Leading pharmaceutical experts and industry stakeholders have called for urgent executive reforms and stronger policy implementation to end Nigeria’s heavy dependence on imported medicines, warning that the country risks deepening healthcare insecurity and industrial stagnation if decisive action is not taken.
The call was made at the 29th Annual National Conference of the Association of Industrial Pharmacists of Nigeria (NAIP), where United States-based pharmaceutical scientist and quality strategist, Nonye Onyewuenyi, alongside former President of the Pharmaceutical Society of Nigeria (PSN), Sam I. Ohuabunwa, unveiled strategies aimed at reducing Nigeria’s over 70 per cent dependence on imported drugs.
The experts expressed concern over worsening economic pressures facing local pharmaceutical manufacturers, including foreign exchange volatility, rising production costs, and increasing prices of Active Pharmaceutical Ingredients (APIs), all of which continue to weaken domestic manufacturing capacity.
Speaking during her keynote address, Dr.
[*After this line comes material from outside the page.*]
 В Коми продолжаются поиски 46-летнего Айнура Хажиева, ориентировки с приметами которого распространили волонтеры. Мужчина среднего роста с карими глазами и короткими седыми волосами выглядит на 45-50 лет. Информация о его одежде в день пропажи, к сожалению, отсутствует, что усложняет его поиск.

Onyewuenyi said Nigeria already possesses the natural resources, human capacity, and industrial potential required to achieve medicine self-sufficiency but lacks deliberate policy execution and strong implementation frameworks.
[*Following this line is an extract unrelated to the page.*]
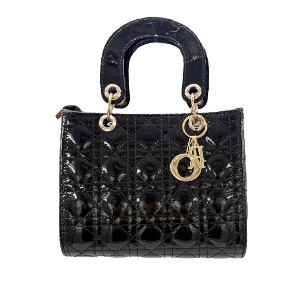کیف دستی ورنی مدل دیور، از چرم مصنوعی براق و دوخت بخیهای منظم ساخته شده و فرم چهارگوش آن ظاهر مرتب و کلاسیک ایجاد میکند. بدنه کیف استحکام کافی دارد و حالت خود را به خوبی حفظ میکند. یراق فلزی طلایی رنگ در بخش اتصال دسته ها و آویز تزئینی، تضاد چشمگیری با رنگ مشکی ایجاد کرده است.
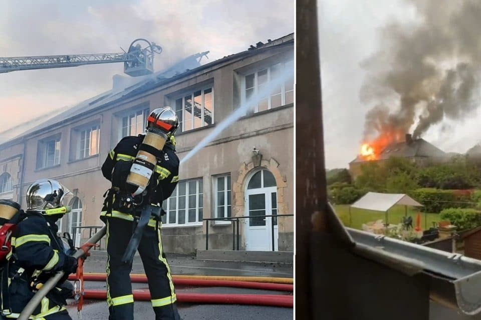 Incendie d'un foyer pour enfants causé par la foudre à Troarn (Calvados) le 15 mai 2022 - via Maxence Gorregues

“We have the raw materials and the ambition, but what we lack is a deliberate policy,” she stated. “It is unacceptable for a nation of over 200 million people with more than 200 registered pharmaceutical firms to still import over 70 percent of its drugs.”
She urged the Federal Government under President Bola Tinubu to move beyond policy pronouncements and aggressively fund the implementation of the Presidential Initiative for Unlocking the Healthcare Value Chain (PVAC) and the Renewed Hope Agenda.
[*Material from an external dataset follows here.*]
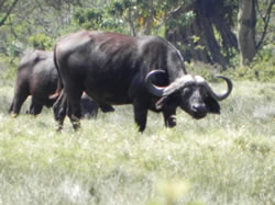 Nach weniger als 1 km Busfahrt nach der Registrierung direkt hinter dem Gate öffnet sich rechts des Weges eine große Lichtung, auf der sich eine ganze Reihe der hier lebenden Wildtiere zeigen: viele Zebras, eine größere Büffelherde, einige dazwischen laufende Warzenschweine, friedlich grasende Antilopen und weiter hinten einige Giraffen. Schnell findet sich für diese friedliche und beeindruckende Szene die treffende Bezeichnung „Garten Eden.“

According to her, healthcare sovereignty cannot be achieved through rhetoric alone.
“Nigeria cannot continue to rely on foreign nations for medicines, vaccines, and essential medical products if it truly seeks sovereignty in healthcare delivery,” she added.
Her position received strong backing from speakers at the conference, who stressed the need for political commitment, strategic investment, and measurable accountability in the pharmaceutical sector.
At the executive management session, Ohuabunwa charged pharmaceutical industry leaders to abandon outdated bureaucratic culture and adopt disciplined, data-driven operational leadership capable of sustaining businesses in volatile economic conditions.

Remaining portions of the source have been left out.